» WHAT YOU WILL DO
Only the pictures should be left out; write out all other data exactly.

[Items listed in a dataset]
Start of Block

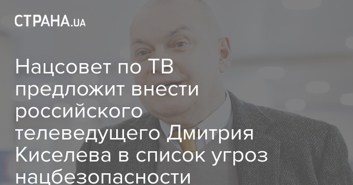 Национальный совет по вопросам телевидения и радиовещания предложил внести гендиректора информагентства "Россия сегодня" и ведущего "Вестей недели" на "России 1" Дмитрия Киселева в список лиц, создающих угрозу нацбезопасности.
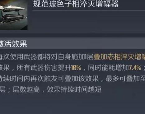 每次使用武器会叠加一层态相淬灭增幅,提升10%武器伤害但增加7.4%能耗,效果可叠加至7层。重复触发能延长并叠加增益,层数越高单次持续时间越短,多层叠加时整体输出显著增强,需合理控制使用频率以平衡能耗与战斗效率。
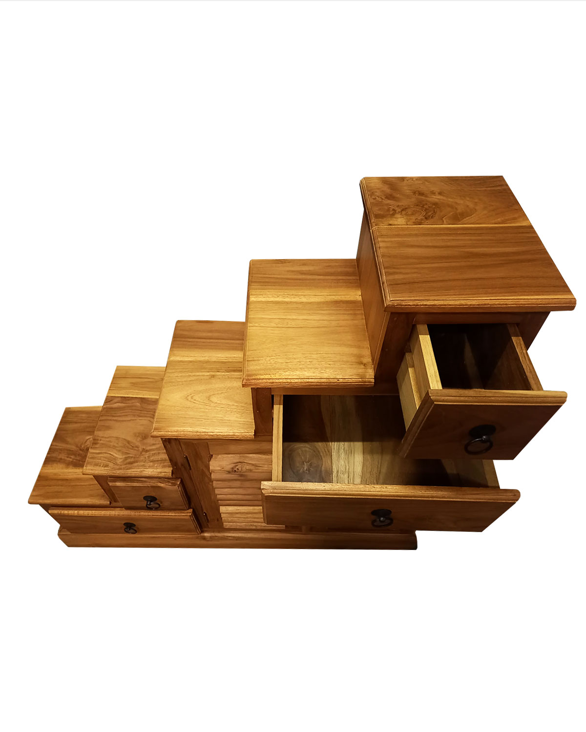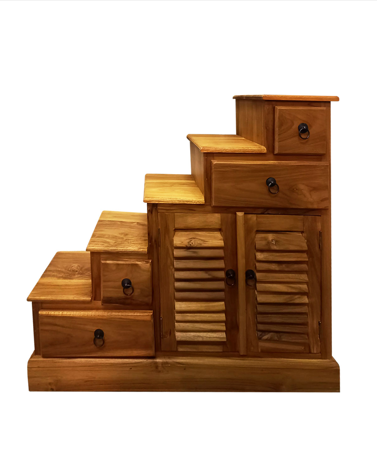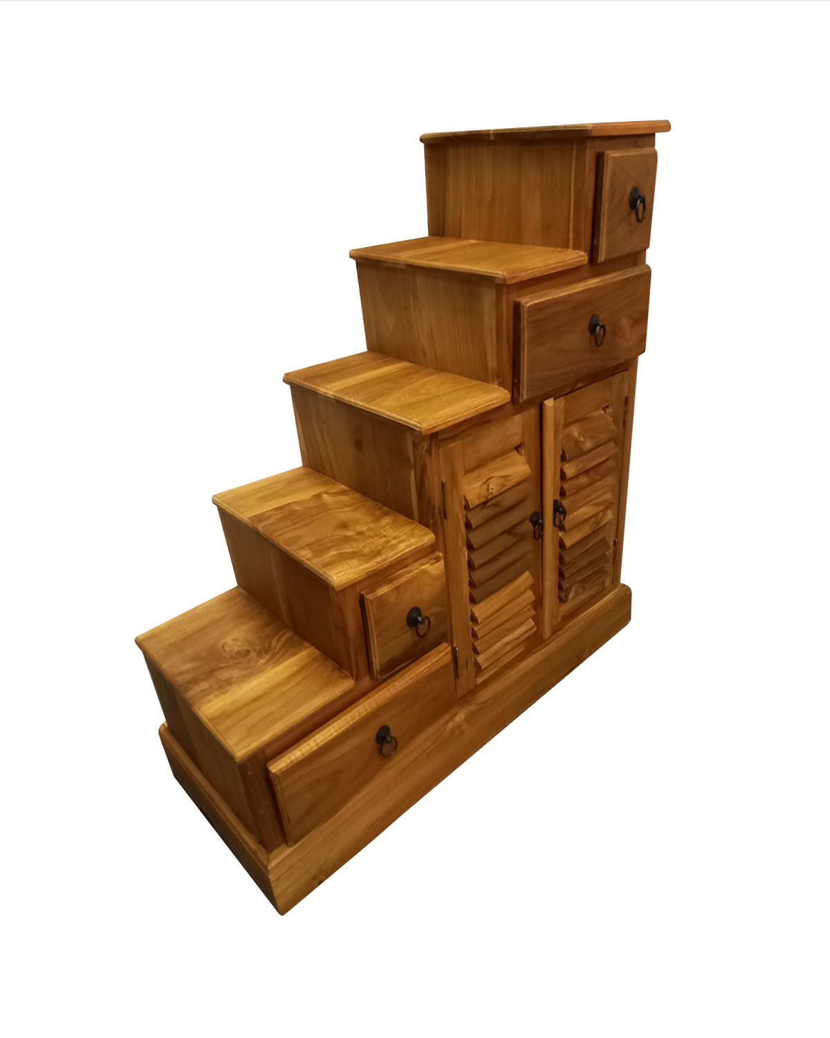 Funzionale e decorativa scaletta con 2 antine e 4 cassetti realizzata da falegnami indonesiani in legno di teak massello con tecniche artigianali. Le antine sono realizzate in stile anta veneziana- Dalla forma particolare è dotata di manigliette ad anello nere antichizzate. Disponibile color teak chiaro. Si sviluppa dall’ alto verso il basso in direzione destra. Misure: larghezza base cm 90, profondità cm 28, altezza cm 82, gradini cm 21 x profondità cm 28, chilogrammi 22 circa..
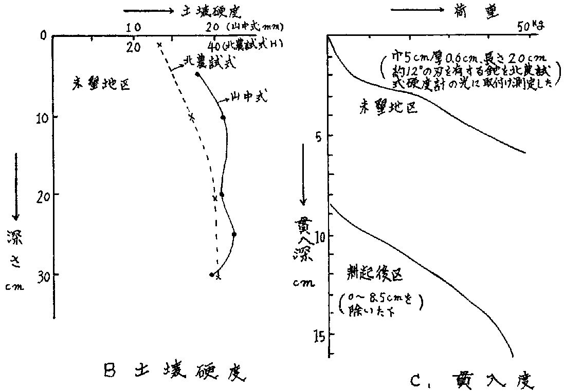 また、従来不満足であった石灰の攪入は深く耕起した土壌のほとんど全層に略均一に混入し得る性態を持ち実用に適することを確認した。
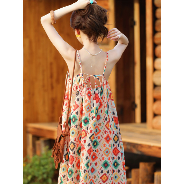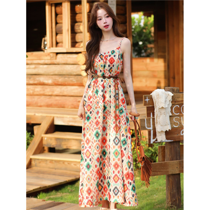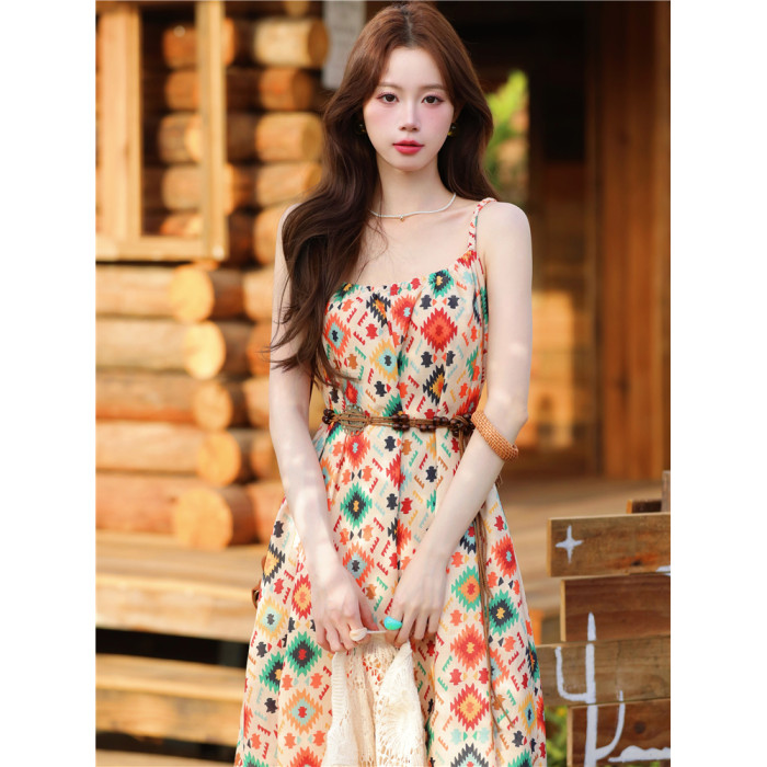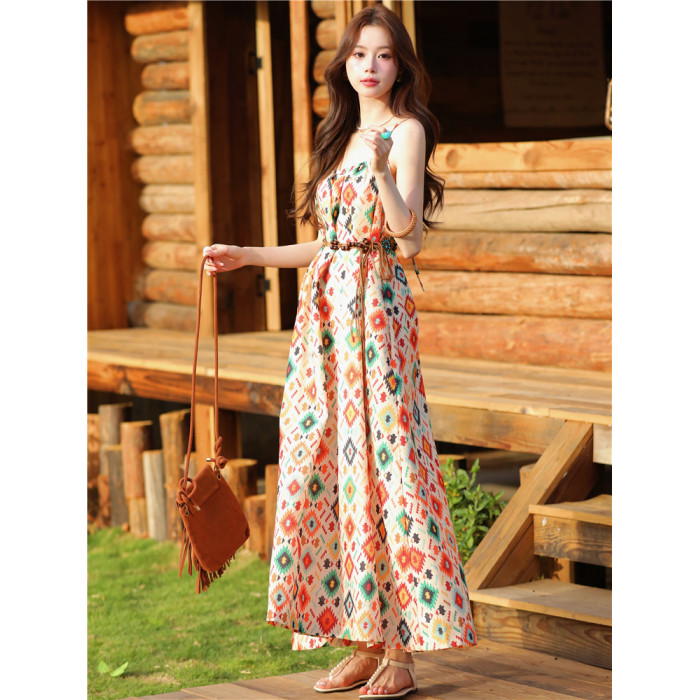 雲南旅遊穿搭女裝波西米亞民族風印花吊帶連衣裙配鏤空開衫兩件套
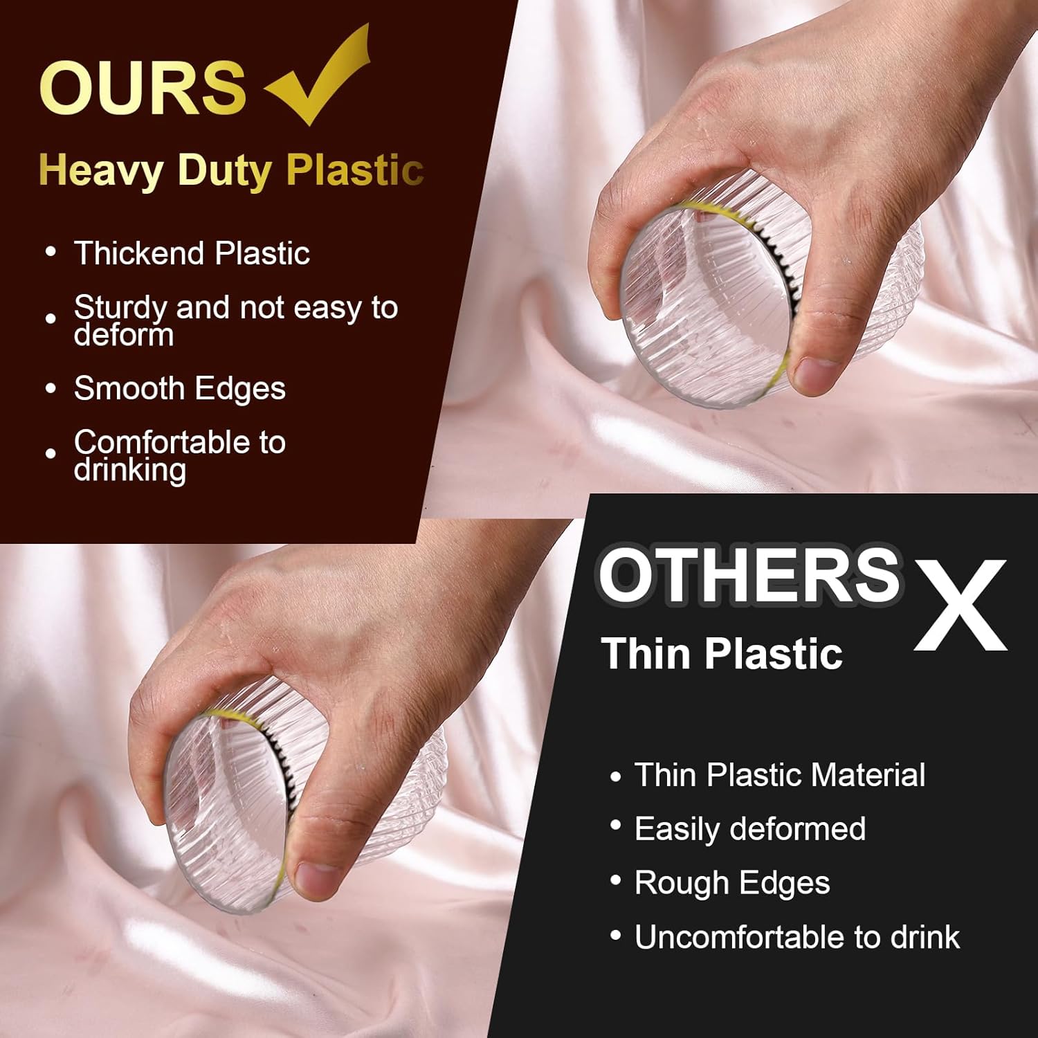 - ăUnbreakable & ReusableăThe unbreakable plastic wine glasses disposable are made of heavy duty plastic, it is unbreakable, shatterproof, disposable and reusable. You don't have to worry about the plastic whiskey glasses for parties breaking anymore. After use, NOT dishwasher-safe!
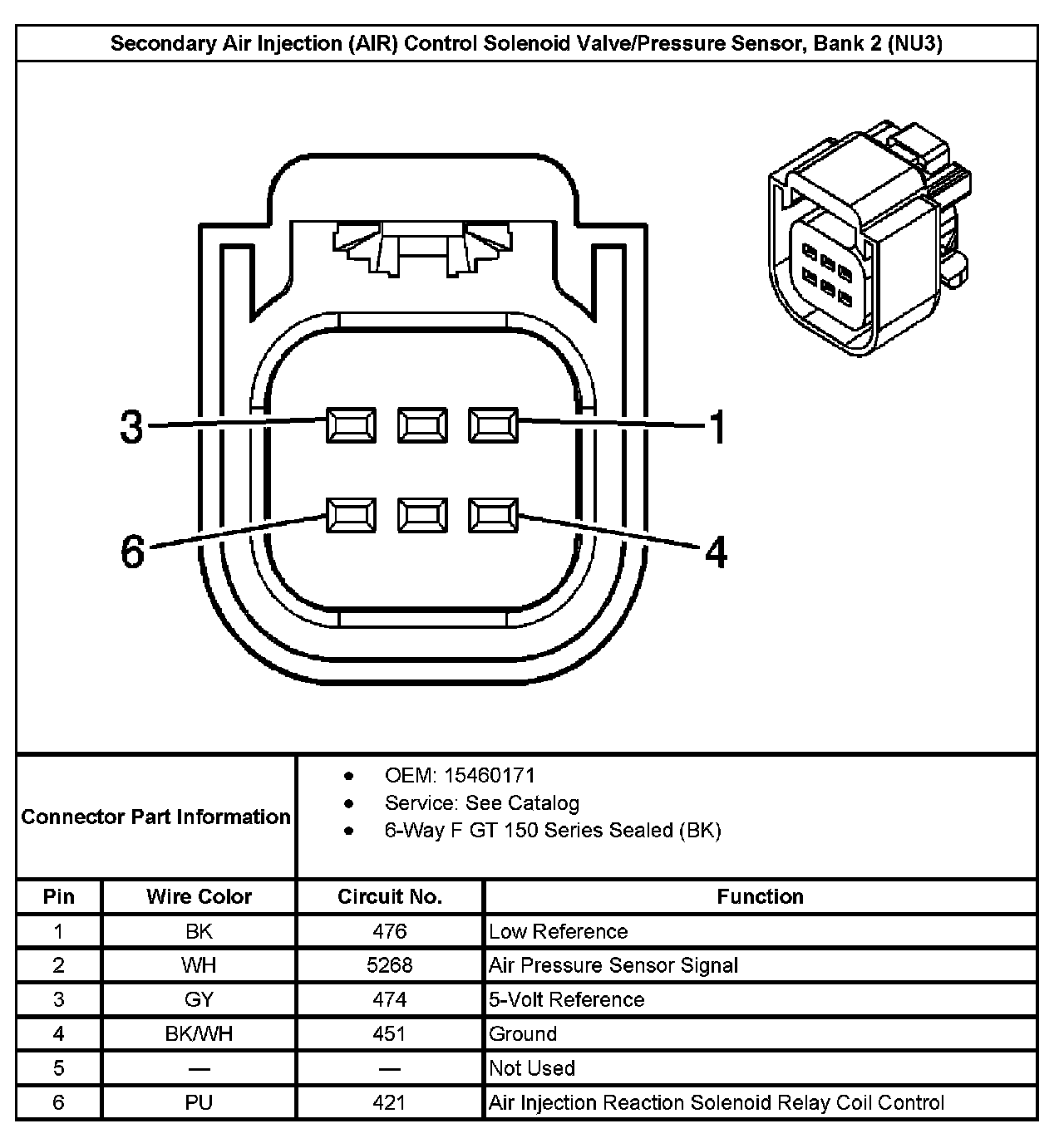 Secondary Air Injection (AIR) Control Solenoid Valve/Pressure Sensor, Bank 2 (With RPO Code NU3):
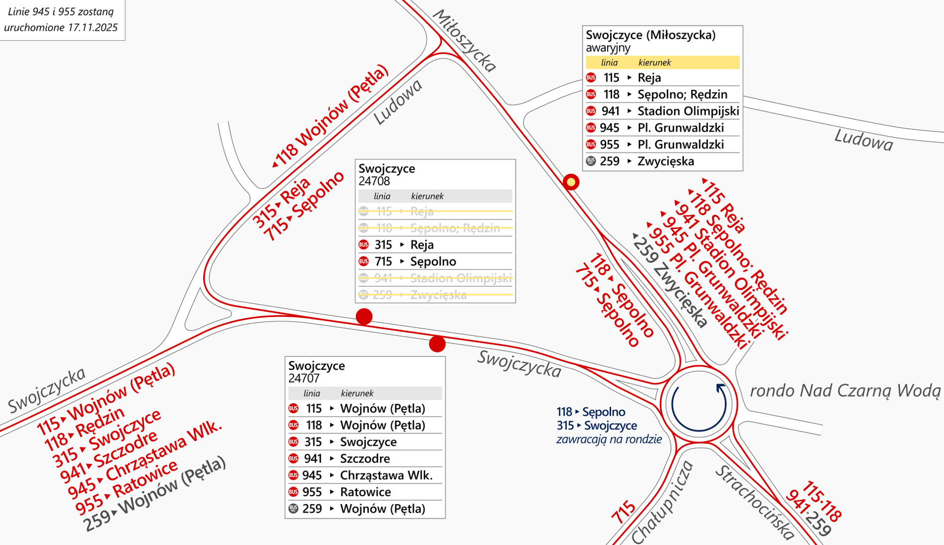 - Od soboty 15 listopada i poniedziałku 17 listopada autobusy linii 115, 118, 259, 315, 941, 945 i 955 zmieniają trasy.
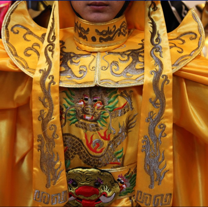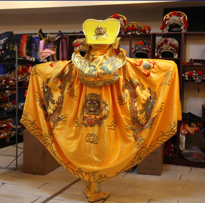 Immerse yourself in imperial majesty with this exquisite Traditional Chinese Emperor Dragon Robe costume, designed specifically for men portraying the God of Wealth or royalty. Crafted from luxurious yellow satin fabric, the ensemble features intricate golden dragon embroidery and flowing wave patterns that symbolize power, prosperity, and good fortune. This complete set includes a detailed embroidered cape, a majestic ceremonial headdress, and matching boots, making it perfect for Chinese New Year celebrations, temple fairs, and traditional opera performances. Whether you are performing on stage or participating in cultural festivals, this authentic attire ensures a commanding presence and honors rich Chinese heritage.

End of Block

» PROBLEM SOLUTION
 Национальный совет по вопросам телевидения и радиовещания предложил внести гендиректора информагентства "Россия сегодня" и ведущего "Вестей недели" на "России 1" Дмитрия Киселева в список лиц, создающих угрозу нацбезопасности.
 每次使用武器会叠加一层态相淬灭增幅,提升10%武器伤害但增加7.4%能耗,效果可叠加至7层。重复触发能延长并叠加增益,层数越高单次持续时间越短,多层叠加时整体输出显著增强,需合理控制使用频率以平衡能耗与战斗效率。
 Funzionale e decorativa scaletta con 2 antine e 4 cassetti realizzata da falegnami indonesiani in legno di teak massello con tecniche artigianali. Le antine sono realizzate in stile anta veneziana- Dalla forma particolare è dotata di manigliette ad anello nere antichizzate. Disponibile color teak chiaro. Si sviluppa dall’ alto verso il basso in direzione destra. Misure: larghezza base cm 90, profondità cm 28, altezza cm 82, gradini cm 21 x profondità cm 28, chilogrammi 22 circa..
 また、従来不満足であった石灰の攪入は深く耕起した土壌のほとんど全層に略均一に混入し得る性態を持ち実用に適することを確認した。
 雲南旅遊穿搭女裝波西米亞民族風印花吊帶連衣裙配鏤空開衫兩件套
 - ăUnbreakable & ReusableăThe unbreakable plastic wine glasses disposable are made of heavy duty plastic, it is unbreakable, shatterproof, disposable and reusable. You don't have to worry about the plastic whiskey glasses for parties breaking anymore. After use, NOT dishwasher-safe!
 Secondary Air Injection (AIR) Control Solenoid Valve/Pressure Sensor, Bank 2 (With RPO Code NU3):
 - Od soboty 15 listopada i poniedziałku 17 listopada autobusy linii 115, 118, 259, 315, 941, 945 i 955 zmieniają trasy.
 Immerse yourself in imperial majesty with this exquisite Traditional Chinese Emperor Dragon Robe costume, designed specifically for men portraying the God of Wealth or royalty. Crafted from luxurious yellow satin fabric, the ensemble features intricate golden dragon embroidery and flowing wave patterns that symbolize power, prosperity, and good fortune. This complete set includes a detailed embroidered cape, a majestic ceremonial headdress, and matching boots, making it perfect for Chinese New Year celebrations, temple fairs, and traditional opera performances. Whether you are performing on stage or participating in cultural festivals, this authentic attire ensures a commanding presence and honors rich Chinese heritage.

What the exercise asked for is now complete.